9. Le tipologie di fundraising attivate. La struttura della raccolta di un’organizzazione, di per sé, può avere un ulteriore impatto sugli indici. Le organizzazioni che sono abbastanza fortunate da ricevere delle sovvenzioni annue in piccolo numero, ma da cui si ricava la maggior parte della raccolta, mostreranno una struttura dei costi migliori rispetto alle organizzazioni che sollecitano la raccolta dei fondi presso il pubblico in generale. Non solo saranno necessari maggiori addetti alla gestione del fundraising presso il pubblico, ma i costi della comunicazione rispetto a diverse classi di donatori potrebbero risultare notevolmente superiori. Inoltre, l’ampio volume di transazioni potrebbe influire significativamente anche in termini di infrastrutture tecnologiche, gestione dei dati, ed anche costi bancari.

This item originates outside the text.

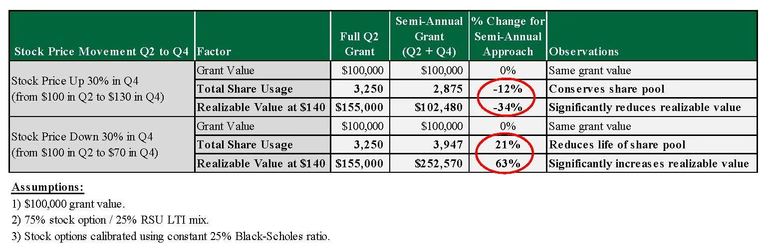 The example below illustrates how moving to semi-annual/quarterly equity granting can create significant variation in both long-term realizable equity value for participants and share usage depending on share price movement. For these reasons, some companies should consider this approach as a long-term smoothing mechanism rather than a one-off tactic that would create short-term “winners” or “losers” depending on share price movement during the year.

10. Acquisizione o gestione dei donatori. Come illustreremo più avanti in questo capitolo, attrarre nuovi donatori è un’attività intrinsecamente costosa. La maggior parte delle non-profit riportano dei costi ingenti in quest’attività, ed in particolare se impiegano mezzi di comunicazione a risposta diretta (direct response media, quali la posta, la pubblicità, e così via). Non è infrequente, per le organizzazioni, perdere la metà delle risorse dedicate a questa attività. Questa perdita non è rilevante nel medio termine, perché l’organizzazione solleciterà delle successive donazioni, sulle quali i rendimenti sono molto superiori. Sui donatori originariamente acquisiti attraverso i metodi di risposta diretta, il costo può oscillare tra 4 e 5 volte il capitale investito. Il bilanciamento tra le attività di acquisizione e gestione influenzerà pertanto la performance della raccolta. Le organizzazioni che investono molto nella costruzione della propria “base” mostreranno inizialmente dei coefficienti di fundraising piuttosto negativi.

11. Diverse tipologie di “campagne”. Le “campagne di raccolta” generano dei rendimenti molto diversi rispetti alla generale raccolta annuale. Un indice aggregato che combina queste due diverse forme di fundraising risulta perciò inutilizzabile. Le “campagne di raccolta” sono tipicamente delle attività pluriennali, per le quali la maggioranza dei costi è normalmente sostenuta nei primi mesi della campagna. Di conseguenza, se i coefficienti sono calcolati su base annua, i costi di fundraising per

il primo anno della campagna appariranno (artificialmente) elevati, mentre negli anni seguenti risulteranno ingannevolmente bassi. Questa problematica è particolarmente significativa perché se l’ammontare dei costi viene divulgato ai donatori al termine del primo anno, alcuni potrebbero essere dissuasi dal contribuire ulteriormente alla campagna per effetto della sua performance apparentemente “negativa”, anche nei casi in cui da un punto di vista di lungo periodo tali costi si sarebbero ritenuti del tutto ragionevoli.

Nell’obiettivo di valutare la performance di raccolta di un’organizzazione in modo significativo, e di confrontare questa valutazione con quella di altre organizzazioni, è necessario tener conto di ciascuno di questi fattori.

L’ultima considerazione da effettuare rispetto a questa lista molto lunga di fattori è che anche chi conduce l’attività di fundraising non trarrà grande valore dal confronto dei coefficienti rispetto a quelli di altre organizzazioni. Dal punto di vista pratico, probabilmente dovranno farlo per capire come la propria performance verrà percepita dai propri diversi stakeholder, però tale confronto rimarrà in ogni caso di scarso aiuto nel verificare se la propria attività sia efficiente o meno, e se ci sia il bisogno di migliorarla. A tale fine sarà necessaria un’analisi di gran lunga più sofisticata.